Carbs are set up for the flow characteristics of the carb. The Chinese carbs are copies of patented designs, but the machining is not as precise. Therefore, they look the same and bolt up the same, but they don't necessarily react the same to changes in air flow and it the flow of air that is responsible for picking up the fuel (siphons it out of the float bowl) that mixes with the air to support combustion.
The first thing to do is to use fuel the carb is designed for. The Chinese and Japanese do not have alcohol in their gasoline. Alcohol is harder to ignite and burns cooler. It takes almost twice as much alcohol mixed with the same amount of air to provide acceptable power from an IC engine. Mixing alcohol with gasoline means you need to adjust the fuel/air mixture as the alcohol displaces gasoline leaning the mixture. Normally a leaner mixture means increased combustion temperature, but alcohol burns more slowly and cooler than gasoline, so the increased temp of the lean gasoline to air mixture is offset by the cooler burn of the alcohol mixture. Using the fuel the carb is designed for may eliminate bogging at certain throttle settings as the fuel to air ratio varies.
The BST carb was engineered by Mikuni and is designed for economy - not performance. If you observe the operation of the carb closely; the slide rises in relation to the vacuum the engine creates on the engine side of the butterfly valve. The vacuum is drawn on a small port and is internally ducted to the top chamber where the reduced pressure attempts to lift the slide valve. The slide valve operation is counteracted by a spring and the weight of the slide. In theory, the slide position is dependent on engine speed, but on a single cylinder engine, the vacuum is in pulses, so at lower speeds, the slide bounces. As the slide rises it allows more air into the engine and the needle in the slide controls the amount of fuel that can mix with that air. As engine speed increases and the vacuum becomes more constant, the slide does not 'bounce' as noticeably and positions itself at a relatively constant position.

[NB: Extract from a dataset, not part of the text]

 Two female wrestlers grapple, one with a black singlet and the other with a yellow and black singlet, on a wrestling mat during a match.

Now if the butterfly valve is opened suddenly from a constant setting, the vacuum drops and so does the slide. The slide reduces the air flow into the cylinder and likewise the amount of fuel being mixed with the air. Each intake stroke causes the slide to rise, but during the compression and exhaust cycles, the slide descends. This is the action of the Constant Velocity carburetor. Keeping the velocity constant increases the efficiency of the carb while providing acceptable acceleration performance.
Getting rid of a bog (lean condition) is difficult to engineer out of a carburetor. It is a matter of compromises. It has to be too rich at some throttle openings and too lean at other settings, but as long as the lean areas are not so lean as to cause engine damage, then the compromise is acceptable.

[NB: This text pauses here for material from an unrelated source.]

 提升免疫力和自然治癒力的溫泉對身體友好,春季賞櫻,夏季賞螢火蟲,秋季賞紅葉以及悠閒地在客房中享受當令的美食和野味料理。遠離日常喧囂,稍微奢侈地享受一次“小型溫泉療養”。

To get rid of a bog just off idle, it has to be too rich at idle. This is accomplished by either adjusting the fuel screw to a richer setting, raising the slide needle to enrich the entire RPM range or changing the slide needle taper which may enrich the low speed while maintaining the mixture of the original needle in the mid range. But a bog from mid-range to full throttle may require changing the speed of the rise and fall of the slide. If the slide rises too high for certain throttle settings, it may provide an over rich mixture at mid-range while going lean momentarily before the slide falls sufficiently to increase the air velocity necessary to pull fuel through the needle jet. The reaction of the slide may benefit from a stronger or longer spring.

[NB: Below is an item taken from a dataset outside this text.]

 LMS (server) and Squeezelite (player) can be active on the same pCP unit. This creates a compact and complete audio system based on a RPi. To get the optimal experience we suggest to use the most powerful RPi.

The Mikuni VM and HSR tuning manuals are 20 pages, but I have never seen a CV tuning manual. You have to use the info in the other manuals and apply the techniques to the CV carb.
Try changing fuel first - sometimes it is a simple as switching brands. Switch from Phillips 66 to Casey's or vice versa and see how it performs. Switch from alcohol blended to pure gas or vice versa. Or tear into the carb and start changing calibrations, but only change one thing at a time in case you need to change it back.